The best part about being at the farm is the cows. I love cows - and I wish they loved me back. Unfortunately they seem to have a very strong aversion to my Victoria's Secret Lovespell lotion - although I did get to pat a few of the babies on the head this time.



Anytime we're out in the yard, all of the cows run up to the fence closest to where we're gathered.



Bovine teenagers verses 4 year old Chey.



I wonder if this is one of the calves we worked with at christmas. He or she doesn't seem to mind my lotion.



If only the Smith's had horses - I'm still trying to talk Cowboy Ellis into buying a few. After all, you're technically not a cowboy unless you own a horse.

So what does a cowgirl do during her weekend at the farm - besides laugh at her husband trying to grill steaks? Cook of course - although the picture below is from our own farm. I'm not sure that's really a cowgirl responsibility, but when you have 13 mouths to feed, well you don't really have much choice. So when I wasn't out trying to play with the cows, I was in the kitchen cooking and cleaning. I guess my dreams of commandeering the countryside with my faithful steed will have to wait for another day.


I also experienced my first bull standoff that weekend. Lisa, Amy and I were visiting in the den around 9pm Saturday night when we heard the most awful noise - it sounded like one of the cows was dying. We all ran outside, and found the guys casually sitting on the swing, smoking cigars.

"Did you not hear that??" I said.

"Yeah, that's just the bull," Jeff casually remarked.

"Is he dying? I mean it sounds like something is wrong."

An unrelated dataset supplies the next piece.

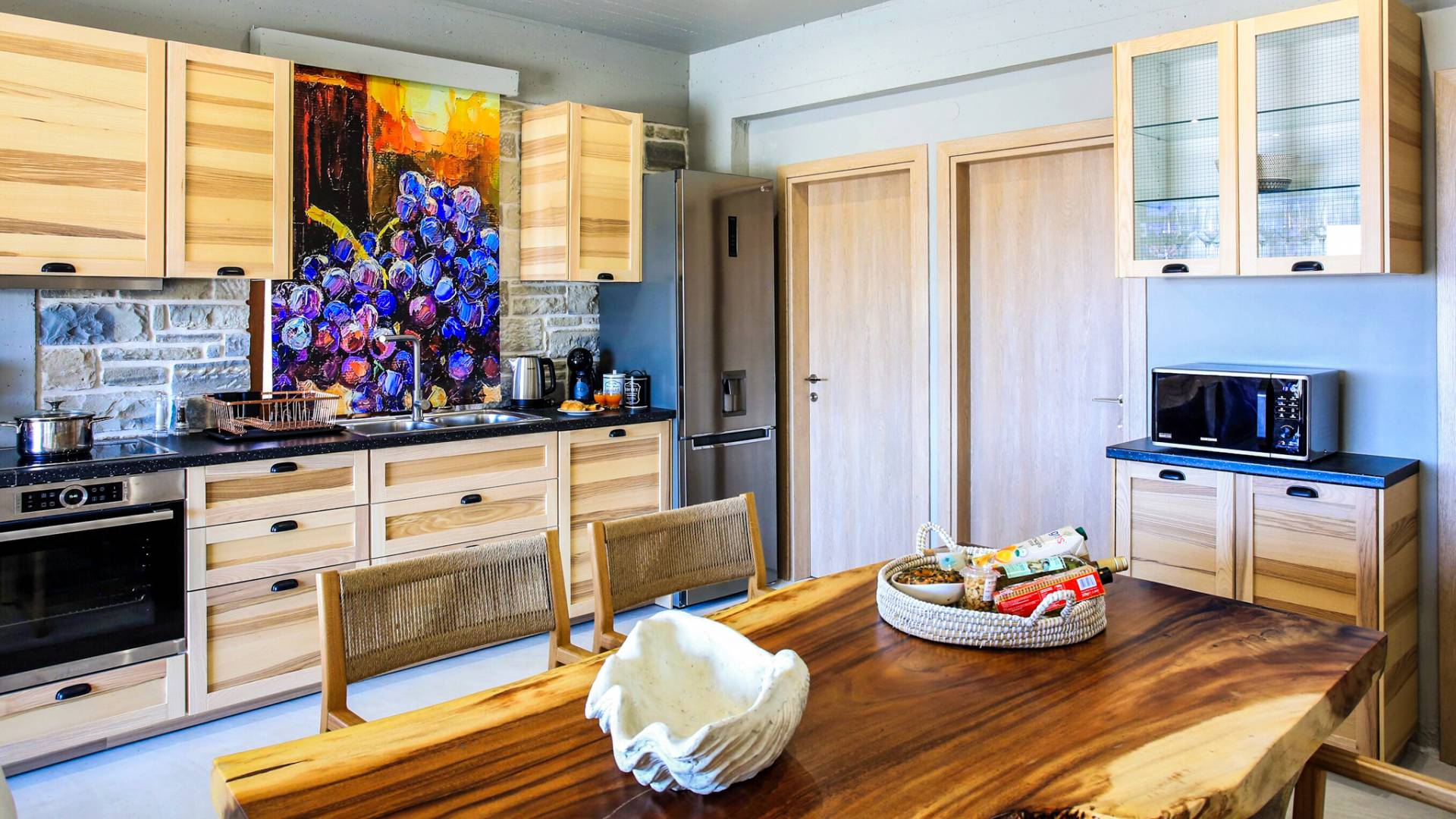 Cook like a chef in a modern kitchen stocked with high-end appliances, all within an elegant dining space ideal for family meals or entertaining.

"No, he's just marking his territory, or so to speak. The neighbor's bull is trying to pick a fight."

"Well we need to get him away from the fence," Jeff's mom breaks in. "He'll walk through the barbwire in a heartbeat, and then we'll have a mess on our hands."

So my cowboy husband casually unfolds himself from the swing, grabs a flashlight, and starts walking toward the fence - like breaking up bullfights is something he does everyday.

"Be careful please!! He could come right through the fence at you (as if he wasn't already aware of this)" I croak, as he saunters over to the fence, where the bull is rooting around only feet away. And then my cowboy husband shines the light right in the bull's eyes and starts clapping, of all things. And after a brief minute of protest, the bull, and what sounds like the rest of the herd, takes off thundering down the pasture. Jeff then walks over to the neighbor's fence and repeats the same process with his bull, who picked the fight in the first place.

Evidently this happens every so often, and you have to address is immediately, because if the bulls ever figure out they can walk right through the fence, well then it's kind of like country Armageddon. Gotta love country life!